And that’s just the point. AWS lets you not only cut down on “dedicated” staff. You can also share a lot of the staff you do need by using a Managed Service Provider.

> DELL wants to re verify by phone 3 times before they bill or ship anything. Don't ask me why, I don't know, I keep begging them to stop doing that.

You need to get a Dell sales rep you deal with everytime you order. You'll get better pricing too.

Computing power on AWS costs 3x+ as much as the naively calculated cost of buying and running servers. Of course there are situations where running your own servers actually is cheaper. You are arguing the impossibility of something people are doing right now, so...?!

There is a lot more that AWS does for you than host a bunch of VMs...

Many use cases doesn't require what AWS provides besides storage and compute primitives. If your use case must use Amazon, use Amazon. If not, consider more efficient alternatives.

I don't mention AWS in my comment, not sure why you thought I was comparing the two.

Even then if you can just get rid of one support person you can save enough to buy a lot of from AWS just taking into account the management you don’t have to do - if you automate.

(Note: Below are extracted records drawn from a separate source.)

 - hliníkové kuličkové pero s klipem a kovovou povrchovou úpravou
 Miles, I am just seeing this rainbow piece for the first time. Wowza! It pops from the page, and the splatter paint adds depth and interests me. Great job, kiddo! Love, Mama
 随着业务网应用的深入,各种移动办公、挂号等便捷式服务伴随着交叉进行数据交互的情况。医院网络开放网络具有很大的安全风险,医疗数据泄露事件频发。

"Ideally, your colo facility is within driving distance of your office if you absolutely need physical access. Otherwise, you pay someone at the colo a few hundred bucks a month for remote hands services."

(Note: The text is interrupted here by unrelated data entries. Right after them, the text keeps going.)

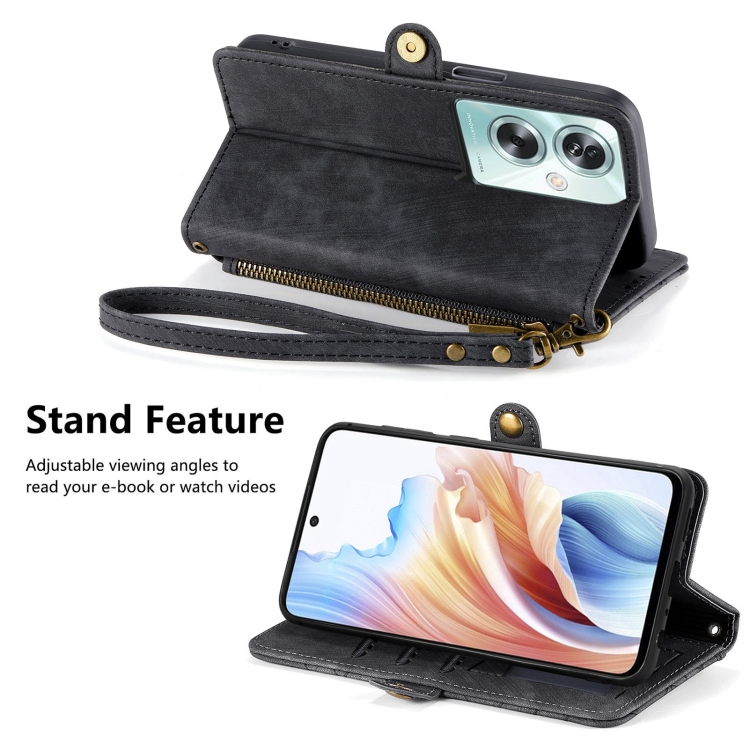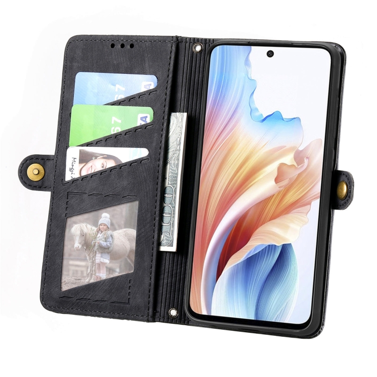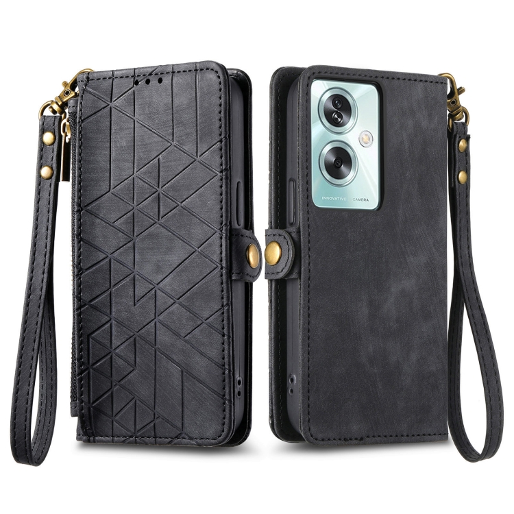 Para Oppo A79 5G / A2 5G Funda de Teléfono de Cuero con Hebilla Lateral y Billetera con Cremallera Geométrica (Negro)
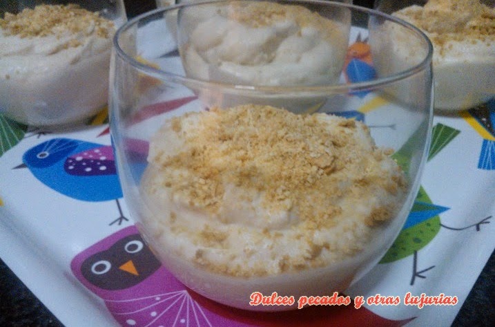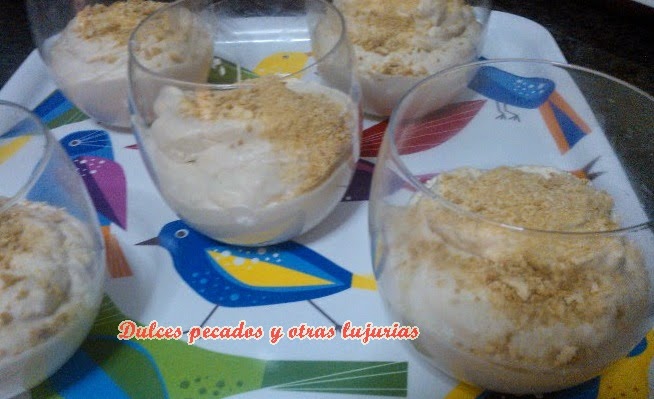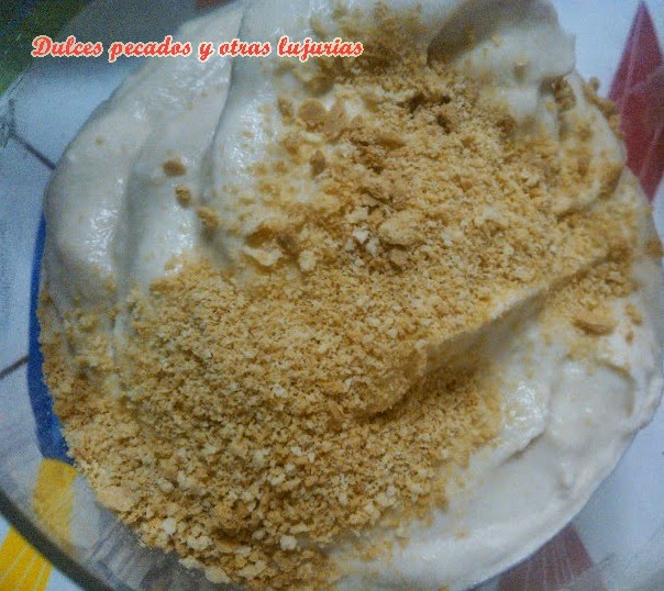 Repartimos en vasitos o copas y le echamos un poco de galleta molida por encima.
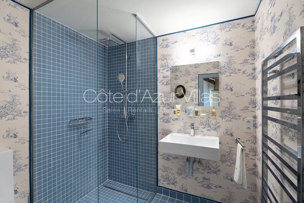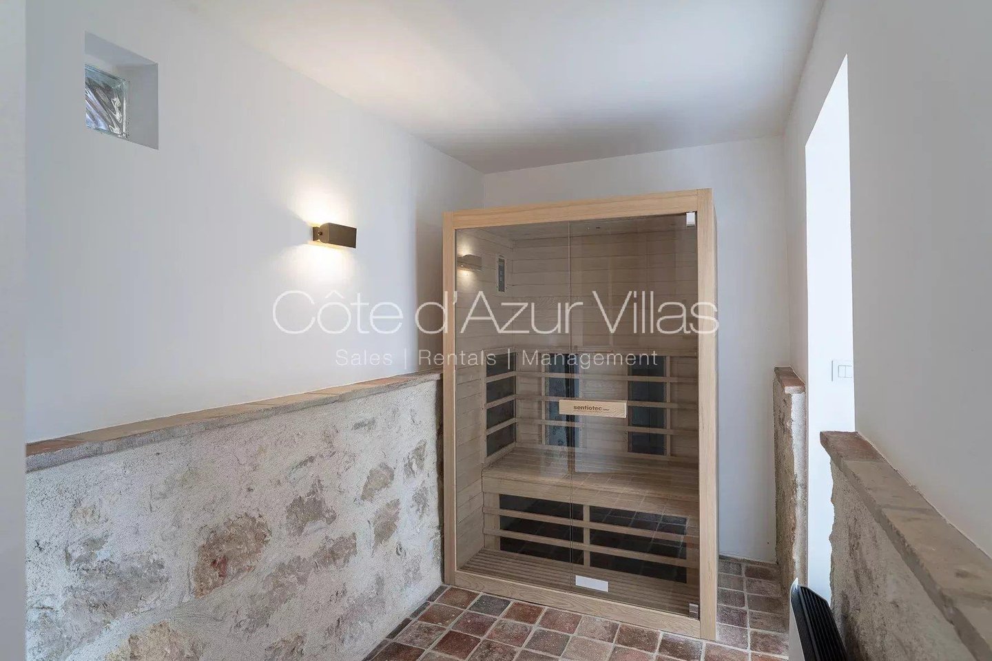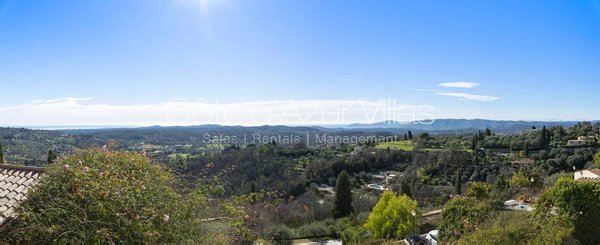Lichtdurchflutet zu jeder Stunde dank der Südausrichtung, überblickt die Liegenschaft die Dorfhäuser und präsentiert einen spektakulären Panorama-Blick, der die umliegenden Hügel und das Meer von Nizza bis zur Napoule-Bucht umfasst. Eine lebendige Szenerie, die sich im Laufe der Stunden und der Jahreszeiten verändert.

That remote hands service is usually very limited. Datacenter staff usually don't have the time or the skills to do detailed troubleshooting, setup, or maintenance. Maybe they'll swap out a disk for you, power cycle a server, or turn a knob on a KVM switch. If you want more, you'll have probably have to buy in to managed service, which they'll do on their own hardware and with their own setup, where you'll be paying closer to AWS prices.

Now if you want the kind of availability and redundancy that AWS offers you, you'll have to have a presence in multiple datacenters around the world, where these sorts of issues and others will multiply.

> Now if you want the kind of availability and redundancy that AWS offers you, you'll have to have a presence in multiple datacenters around the world, where these sorts of issues and others will multiply.

Wikimedia is serving Wikipedia (ranked #5 for Internet traffic) with ~550 servers out of Dallas, TX and Ashburn, VA for about $4 million/year in tech costs. OpenStreetMap infra is ~$120k-$150k/year (albeit with volunteers and some donated hosting capacity). Do you need Amazon to do better?

I am not trying to be a "stick in the mud". I am trying to save you money.

aws is only a few cents an hour, i dont get why wikipedia doesnt switch over unless they are pocketing the differece.

Because Wikipedia doesn’t want to waste money.

“A few cents an hour”. It’s a 30% markup over physical hardware, not to mention extortionate bandwidth pricing.

You might be surprised at what offering them (the “hands”) a packet of well-written runbooks and a bottle of scotch for the holidays will get you.

I work at a company that runs out of 11 datacenters around the world. We don't have issues with availability and redundancy

Servers are cheap enough so buying a few and keeping on standby is no brainer and they are good for 5 years generally.

Even if you can't predict the workload too well, you can go hybrid cloud - colo for the baseline and then AWS for the unpredictable stuff. ManageIQ is great for this.

I think VMware has expensive licensing. At least for me when I was just trying to set up home linux lab environment. And than I discovered Xen Project.

I played around with that, and than AWS/DO came along.

I've been tinkering with bhyve lately at home. there are definitely a few kinks to work out but I am _very_ happy with it and hope the community around it grows.

You were lucky to have a guy with VMWare experience. Most startups who avoid the cloud go bare metal and that's completely unmanageable. Basically a pair of high memory servers running every services with no isolation whatsoever.

By the way, Vmware is not exactly cheap either. I recall when I was selling VMWare licenses 10 years ago, it was starting around $5000 per server.

I personally feel many things in AWS are purposely made in order to hide the real costs from you.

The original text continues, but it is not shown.